Leave the pictures out. Return all other data exactly.

Data below:
··········

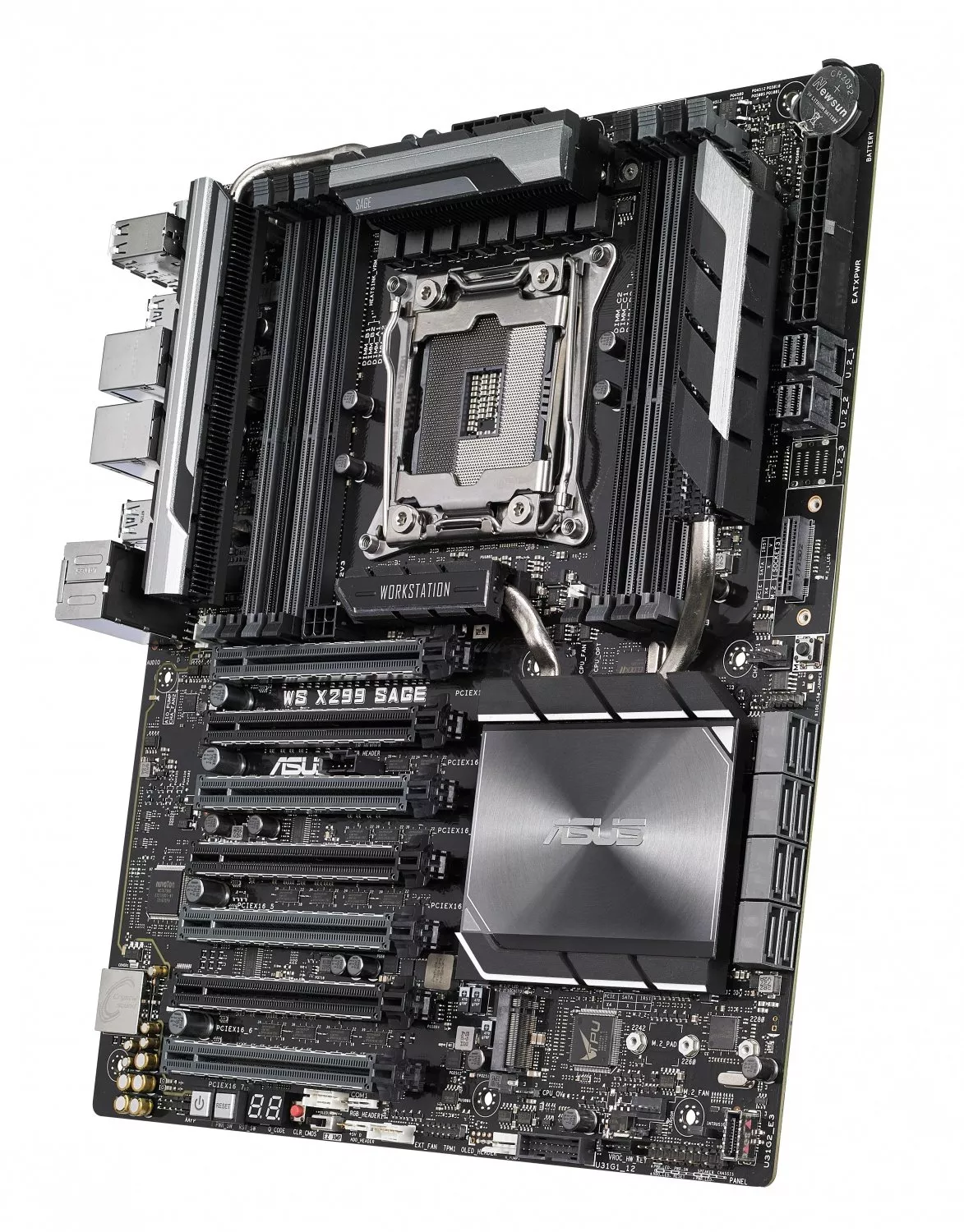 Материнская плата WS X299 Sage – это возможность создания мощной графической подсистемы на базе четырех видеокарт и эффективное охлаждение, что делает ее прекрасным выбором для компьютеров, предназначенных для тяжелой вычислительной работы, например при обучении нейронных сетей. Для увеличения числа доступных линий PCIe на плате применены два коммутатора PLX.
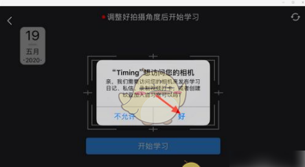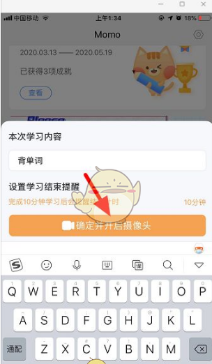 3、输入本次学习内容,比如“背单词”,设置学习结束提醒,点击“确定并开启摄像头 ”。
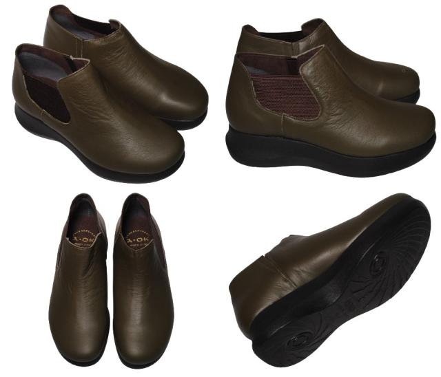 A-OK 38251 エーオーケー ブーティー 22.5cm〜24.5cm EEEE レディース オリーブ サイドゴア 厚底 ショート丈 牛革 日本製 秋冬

··········

Exercise solution:
 Материнская плата WS X299 Sage – это возможность создания мощной графической подсистемы на базе четырех видеокарт и эффективное охлаждение, что делает ее прекрасным выбором для компьютеров, предназначенных для тяжелой вычислительной работы, например при обучении нейронных сетей. Для увеличения числа доступных линий PCIe на плате применены два коммутатора PLX.
 3、输入本次学习内容,比如“背单词”,设置学习结束提醒,点击“确定并开启摄像头 ”。
 A-OK 38251 エーオーケー ブーティー 22.5cm〜24.5cm EEEE レディース オリーブ サイドゴア 厚底 ショート丈 牛革 日本製 秋冬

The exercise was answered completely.